Black Wings Has My Angel is a purer distillation of this theme. Roughly midway through the book, Tim and Virginia run into an acquaintance of Virginia’s, who confides in Tim about his murderous lover’s past:
“’Speaking of debutantes,’ Mamie said to me, ‘Jennie was the only honest to God debutante I ever knew good. The only certified one—’”
Virginia transitions from pillar of traditional society to a vicious cop-killer, and in the process pokes at another societal fear: that an upstanding young person will eventually turn against the very culture fostering their development. Indeed, crime fiction is filled with other debutantes and spoiled rich kids gone (often murderously) bad. At its best, that’s what makes the genre so subversive and unsettling; the idea of murder might make us a bit queasy, but who doesn’t enjoy watching someone stick it to The Man?

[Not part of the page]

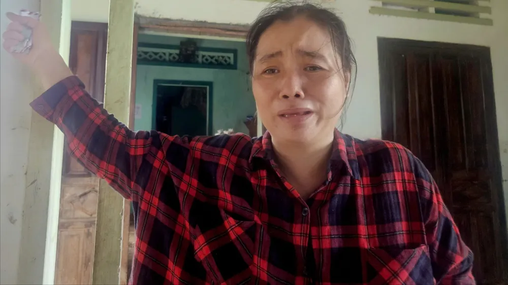 Bà Ngân khóc nghẹn mỗi lần nhớ lại khoảng khắc chồng cùng hai cháu rơi xuống nước lũ. Ảnh: M.M

At its best, that’s what makes the genre so subversive and unsettling; the idea of murder might make us a bit queasy, but who doesn’t enjoy watching someone stick it to The Man?
Eventually, of course, the trope wore down to cliché. By the time of John Ridley’s novella Stray Dogs (1997), where the plot hinges on a murderous seductress who really wants an amoral drifter to whack her rich husband, the femme fatale teetered on the edge of outright parody, an idiot manipulating other idiots into messy murder. (The movie adaptation of Stray Dogs, directed by Oliver Stone and retitled U-Turn, tumbles right over that particular cliff; critics savaged it as ugly, unfunny comedy.) The decades-long repetition of the core themes—seductress, rich husband, murder, mayhem—dulled us to the subversive nature of the core idea, that society’s richest and most powerful can be brought down with a seductive smile and a well-timed blow with a hammer.
Over the past few years, though, there have been moments where that old energy crackled back to life. For instance: Gillian Flynn’s Gone Girl features Amy, a beautiful, manipulative psychopath who takes out her simmering resentments on her husband in a spectacular way. The genius of Flynn’s book is how it subverts the reader’s expectations, transforming Amy from potential murder victim to murderous manipulator. And unlike the femme fatale of a 1940s novel, you understand Amy’s motivations perfectly—even when she decides to cut a throat. She’s the fear that rests in the heart of every suburban community, a sign that noir still has the power to spark unease among even the most comfortable and satisfied folks.